[Excerpts from a dataset]

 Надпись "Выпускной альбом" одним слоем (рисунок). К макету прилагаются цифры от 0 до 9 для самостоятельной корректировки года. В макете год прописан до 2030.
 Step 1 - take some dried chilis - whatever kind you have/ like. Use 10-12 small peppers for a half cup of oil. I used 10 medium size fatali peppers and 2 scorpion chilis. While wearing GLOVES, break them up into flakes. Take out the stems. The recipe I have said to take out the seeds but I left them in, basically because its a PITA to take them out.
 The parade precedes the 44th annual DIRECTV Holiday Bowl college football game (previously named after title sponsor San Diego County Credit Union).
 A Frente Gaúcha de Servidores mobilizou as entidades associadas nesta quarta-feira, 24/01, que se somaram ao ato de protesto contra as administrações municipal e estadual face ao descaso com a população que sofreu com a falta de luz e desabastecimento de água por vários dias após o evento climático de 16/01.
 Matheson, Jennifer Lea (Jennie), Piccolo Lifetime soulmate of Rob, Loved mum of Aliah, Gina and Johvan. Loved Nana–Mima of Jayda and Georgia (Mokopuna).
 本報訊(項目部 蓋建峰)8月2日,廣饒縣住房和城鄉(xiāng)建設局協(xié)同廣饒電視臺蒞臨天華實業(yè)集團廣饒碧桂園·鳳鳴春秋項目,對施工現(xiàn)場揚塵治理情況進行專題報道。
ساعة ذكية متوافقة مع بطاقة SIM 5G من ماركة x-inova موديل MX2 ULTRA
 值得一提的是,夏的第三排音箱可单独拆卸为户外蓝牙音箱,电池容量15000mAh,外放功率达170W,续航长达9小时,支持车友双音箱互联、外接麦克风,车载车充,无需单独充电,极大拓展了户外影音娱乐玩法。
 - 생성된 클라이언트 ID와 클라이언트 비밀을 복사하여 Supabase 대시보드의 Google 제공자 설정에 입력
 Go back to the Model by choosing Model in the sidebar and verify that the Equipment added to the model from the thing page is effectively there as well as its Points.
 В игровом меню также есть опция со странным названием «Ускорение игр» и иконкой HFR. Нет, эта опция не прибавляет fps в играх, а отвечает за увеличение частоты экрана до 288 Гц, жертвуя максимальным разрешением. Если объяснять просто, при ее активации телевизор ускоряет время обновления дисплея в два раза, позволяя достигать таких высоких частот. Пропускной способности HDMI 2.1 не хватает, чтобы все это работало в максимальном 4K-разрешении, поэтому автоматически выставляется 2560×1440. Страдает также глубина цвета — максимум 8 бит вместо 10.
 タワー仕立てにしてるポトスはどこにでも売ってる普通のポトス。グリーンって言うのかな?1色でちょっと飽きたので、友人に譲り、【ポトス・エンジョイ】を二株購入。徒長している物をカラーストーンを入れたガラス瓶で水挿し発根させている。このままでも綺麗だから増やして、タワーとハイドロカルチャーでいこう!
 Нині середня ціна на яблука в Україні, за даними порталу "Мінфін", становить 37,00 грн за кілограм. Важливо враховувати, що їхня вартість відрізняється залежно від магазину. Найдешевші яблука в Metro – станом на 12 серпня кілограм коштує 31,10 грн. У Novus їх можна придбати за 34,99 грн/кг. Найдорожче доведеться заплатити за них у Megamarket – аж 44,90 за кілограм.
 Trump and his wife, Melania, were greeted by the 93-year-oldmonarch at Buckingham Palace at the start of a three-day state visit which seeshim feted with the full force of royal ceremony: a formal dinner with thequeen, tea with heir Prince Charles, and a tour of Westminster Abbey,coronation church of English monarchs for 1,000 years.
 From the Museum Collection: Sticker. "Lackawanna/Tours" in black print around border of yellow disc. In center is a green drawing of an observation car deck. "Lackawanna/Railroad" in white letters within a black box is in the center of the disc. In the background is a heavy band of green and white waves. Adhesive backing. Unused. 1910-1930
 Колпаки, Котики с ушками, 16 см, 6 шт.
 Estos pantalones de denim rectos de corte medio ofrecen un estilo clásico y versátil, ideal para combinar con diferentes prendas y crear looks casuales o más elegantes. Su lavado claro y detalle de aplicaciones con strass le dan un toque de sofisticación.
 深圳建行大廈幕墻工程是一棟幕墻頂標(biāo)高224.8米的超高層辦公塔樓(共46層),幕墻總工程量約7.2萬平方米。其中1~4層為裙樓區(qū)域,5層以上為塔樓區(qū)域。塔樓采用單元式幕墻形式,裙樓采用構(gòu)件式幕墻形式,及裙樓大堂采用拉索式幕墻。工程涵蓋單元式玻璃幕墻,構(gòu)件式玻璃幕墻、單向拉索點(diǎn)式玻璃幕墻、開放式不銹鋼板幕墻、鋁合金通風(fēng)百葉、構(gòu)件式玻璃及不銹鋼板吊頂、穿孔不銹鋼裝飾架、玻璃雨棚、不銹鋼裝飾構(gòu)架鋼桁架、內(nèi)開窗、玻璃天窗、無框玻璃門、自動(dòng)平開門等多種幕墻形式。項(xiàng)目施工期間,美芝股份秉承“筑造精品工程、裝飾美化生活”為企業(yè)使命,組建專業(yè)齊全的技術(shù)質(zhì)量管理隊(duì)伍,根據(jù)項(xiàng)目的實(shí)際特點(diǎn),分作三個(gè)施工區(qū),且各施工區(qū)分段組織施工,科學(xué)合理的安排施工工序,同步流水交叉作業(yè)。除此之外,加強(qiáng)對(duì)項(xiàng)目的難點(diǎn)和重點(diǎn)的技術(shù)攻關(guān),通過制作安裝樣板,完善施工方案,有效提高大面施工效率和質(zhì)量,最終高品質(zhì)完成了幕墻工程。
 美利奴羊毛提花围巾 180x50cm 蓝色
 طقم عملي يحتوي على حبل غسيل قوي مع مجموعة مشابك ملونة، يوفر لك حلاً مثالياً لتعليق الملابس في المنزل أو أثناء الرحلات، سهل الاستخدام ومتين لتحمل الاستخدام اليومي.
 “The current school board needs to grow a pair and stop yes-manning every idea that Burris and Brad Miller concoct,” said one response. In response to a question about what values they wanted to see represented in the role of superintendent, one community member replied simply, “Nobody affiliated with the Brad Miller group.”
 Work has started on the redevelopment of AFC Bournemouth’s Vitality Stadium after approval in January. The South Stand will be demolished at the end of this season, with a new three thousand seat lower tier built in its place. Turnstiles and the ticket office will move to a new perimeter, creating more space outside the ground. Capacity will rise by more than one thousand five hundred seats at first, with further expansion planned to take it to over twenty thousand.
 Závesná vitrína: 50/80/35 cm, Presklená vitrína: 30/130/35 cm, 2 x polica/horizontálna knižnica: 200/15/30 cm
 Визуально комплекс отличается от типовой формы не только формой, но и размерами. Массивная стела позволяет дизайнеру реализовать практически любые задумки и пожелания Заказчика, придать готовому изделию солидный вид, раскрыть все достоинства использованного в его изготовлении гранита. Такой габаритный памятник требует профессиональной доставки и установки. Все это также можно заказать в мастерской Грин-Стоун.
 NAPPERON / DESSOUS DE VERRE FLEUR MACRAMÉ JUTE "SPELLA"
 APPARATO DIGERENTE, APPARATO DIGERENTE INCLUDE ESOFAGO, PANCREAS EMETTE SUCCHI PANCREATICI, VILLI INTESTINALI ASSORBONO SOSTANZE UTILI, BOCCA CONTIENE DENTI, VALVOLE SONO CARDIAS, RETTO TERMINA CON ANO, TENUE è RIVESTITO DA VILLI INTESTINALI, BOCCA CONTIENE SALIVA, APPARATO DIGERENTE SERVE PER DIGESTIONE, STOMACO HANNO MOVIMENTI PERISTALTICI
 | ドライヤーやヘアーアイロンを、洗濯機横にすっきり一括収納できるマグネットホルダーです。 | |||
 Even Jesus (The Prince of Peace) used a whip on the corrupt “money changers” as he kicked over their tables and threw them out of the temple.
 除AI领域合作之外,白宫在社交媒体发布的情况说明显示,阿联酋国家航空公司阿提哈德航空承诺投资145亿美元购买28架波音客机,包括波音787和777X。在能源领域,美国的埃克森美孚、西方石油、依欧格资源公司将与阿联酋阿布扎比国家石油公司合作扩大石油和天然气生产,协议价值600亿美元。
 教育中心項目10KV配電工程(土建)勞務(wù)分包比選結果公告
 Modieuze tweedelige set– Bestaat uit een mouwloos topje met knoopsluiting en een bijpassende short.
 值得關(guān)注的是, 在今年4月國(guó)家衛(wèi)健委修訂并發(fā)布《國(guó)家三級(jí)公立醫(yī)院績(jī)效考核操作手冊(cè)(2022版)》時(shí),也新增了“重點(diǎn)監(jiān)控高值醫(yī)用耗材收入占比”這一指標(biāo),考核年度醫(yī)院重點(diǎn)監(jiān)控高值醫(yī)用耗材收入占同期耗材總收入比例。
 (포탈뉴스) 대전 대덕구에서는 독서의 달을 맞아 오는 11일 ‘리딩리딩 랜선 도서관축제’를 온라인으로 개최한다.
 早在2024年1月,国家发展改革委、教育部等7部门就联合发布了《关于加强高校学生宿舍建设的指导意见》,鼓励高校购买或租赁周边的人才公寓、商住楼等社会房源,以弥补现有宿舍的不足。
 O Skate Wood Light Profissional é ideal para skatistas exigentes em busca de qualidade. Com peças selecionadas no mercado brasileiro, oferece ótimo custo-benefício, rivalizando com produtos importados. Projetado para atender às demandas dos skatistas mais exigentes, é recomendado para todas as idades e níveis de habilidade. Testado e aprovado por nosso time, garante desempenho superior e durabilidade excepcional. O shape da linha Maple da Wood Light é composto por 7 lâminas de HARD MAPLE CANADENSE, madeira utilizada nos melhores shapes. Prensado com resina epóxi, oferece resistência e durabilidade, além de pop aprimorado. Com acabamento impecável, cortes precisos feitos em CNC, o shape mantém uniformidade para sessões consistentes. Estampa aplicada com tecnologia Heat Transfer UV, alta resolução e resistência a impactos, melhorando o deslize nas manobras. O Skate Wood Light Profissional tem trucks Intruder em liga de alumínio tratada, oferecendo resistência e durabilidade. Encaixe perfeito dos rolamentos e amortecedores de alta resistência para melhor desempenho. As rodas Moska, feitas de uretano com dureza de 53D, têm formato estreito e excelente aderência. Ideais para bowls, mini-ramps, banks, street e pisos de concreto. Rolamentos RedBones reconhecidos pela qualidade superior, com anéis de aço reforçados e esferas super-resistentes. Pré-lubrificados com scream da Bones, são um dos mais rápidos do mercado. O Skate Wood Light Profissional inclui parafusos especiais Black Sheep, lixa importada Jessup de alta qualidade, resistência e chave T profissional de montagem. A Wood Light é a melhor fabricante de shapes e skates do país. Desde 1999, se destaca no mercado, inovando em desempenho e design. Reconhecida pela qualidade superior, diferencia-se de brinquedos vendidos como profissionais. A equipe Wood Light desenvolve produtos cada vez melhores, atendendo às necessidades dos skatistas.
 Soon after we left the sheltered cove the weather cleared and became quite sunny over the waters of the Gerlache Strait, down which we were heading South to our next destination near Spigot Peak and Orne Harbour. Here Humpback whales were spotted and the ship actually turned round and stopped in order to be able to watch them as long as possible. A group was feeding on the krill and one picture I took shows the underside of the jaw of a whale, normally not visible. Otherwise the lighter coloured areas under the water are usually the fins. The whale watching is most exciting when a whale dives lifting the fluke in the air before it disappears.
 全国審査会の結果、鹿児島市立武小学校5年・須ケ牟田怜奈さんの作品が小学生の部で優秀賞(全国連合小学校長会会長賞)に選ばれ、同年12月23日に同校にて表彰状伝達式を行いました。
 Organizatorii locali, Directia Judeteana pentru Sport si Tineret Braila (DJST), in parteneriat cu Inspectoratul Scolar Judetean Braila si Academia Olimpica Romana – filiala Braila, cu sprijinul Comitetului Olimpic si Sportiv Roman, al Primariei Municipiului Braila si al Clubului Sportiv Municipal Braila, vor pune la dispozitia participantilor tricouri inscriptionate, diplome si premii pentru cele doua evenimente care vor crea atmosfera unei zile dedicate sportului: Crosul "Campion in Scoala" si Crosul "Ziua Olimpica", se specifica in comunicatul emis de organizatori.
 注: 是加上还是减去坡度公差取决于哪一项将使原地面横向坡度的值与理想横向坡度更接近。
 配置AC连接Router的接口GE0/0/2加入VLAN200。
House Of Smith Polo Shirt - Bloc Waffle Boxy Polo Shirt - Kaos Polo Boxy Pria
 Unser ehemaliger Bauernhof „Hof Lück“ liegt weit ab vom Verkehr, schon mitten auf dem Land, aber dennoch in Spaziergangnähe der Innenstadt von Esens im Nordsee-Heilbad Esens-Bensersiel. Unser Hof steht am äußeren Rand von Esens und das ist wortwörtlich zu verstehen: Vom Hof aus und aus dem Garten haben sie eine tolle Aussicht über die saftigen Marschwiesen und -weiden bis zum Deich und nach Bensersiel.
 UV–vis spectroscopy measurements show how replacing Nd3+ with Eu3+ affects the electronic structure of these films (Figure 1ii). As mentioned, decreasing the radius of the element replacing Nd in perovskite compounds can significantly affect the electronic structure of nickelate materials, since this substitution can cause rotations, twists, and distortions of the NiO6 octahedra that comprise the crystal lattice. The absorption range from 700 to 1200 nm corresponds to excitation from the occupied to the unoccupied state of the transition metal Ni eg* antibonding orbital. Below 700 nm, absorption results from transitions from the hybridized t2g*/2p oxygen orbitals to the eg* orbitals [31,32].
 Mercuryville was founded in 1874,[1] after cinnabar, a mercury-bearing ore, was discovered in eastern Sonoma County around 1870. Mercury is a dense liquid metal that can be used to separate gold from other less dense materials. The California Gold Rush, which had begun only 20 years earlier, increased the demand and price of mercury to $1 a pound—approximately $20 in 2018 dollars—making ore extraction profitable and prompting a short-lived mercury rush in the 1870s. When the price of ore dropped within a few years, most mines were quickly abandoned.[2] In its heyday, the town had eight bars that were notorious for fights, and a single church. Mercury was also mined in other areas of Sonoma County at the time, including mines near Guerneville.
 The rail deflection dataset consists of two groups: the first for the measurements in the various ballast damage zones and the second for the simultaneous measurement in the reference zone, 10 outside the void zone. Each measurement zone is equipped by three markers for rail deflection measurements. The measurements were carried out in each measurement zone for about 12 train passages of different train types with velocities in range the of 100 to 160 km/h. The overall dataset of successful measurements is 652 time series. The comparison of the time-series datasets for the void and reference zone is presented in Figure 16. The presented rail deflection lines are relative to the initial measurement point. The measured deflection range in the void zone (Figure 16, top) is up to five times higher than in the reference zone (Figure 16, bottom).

Exercise requirements:
Check each line above for the string "Prince" and copy those that have it.

Result:
 Trump and his wife, Melania, were greeted by the 93-year-oldmonarch at Buckingham Palace at the start of a three-day state visit which seeshim feted with the full force of royal ceremony: a formal dinner with thequeen, tea with heir Prince Charles, and a tour of Westminster Abbey,coronation church of English monarchs for 1,000 years.
 Even Jesus (The Prince of Peace) used a whip on the corrupt “money changers” as he kicked over their tables and threw them out of the temple.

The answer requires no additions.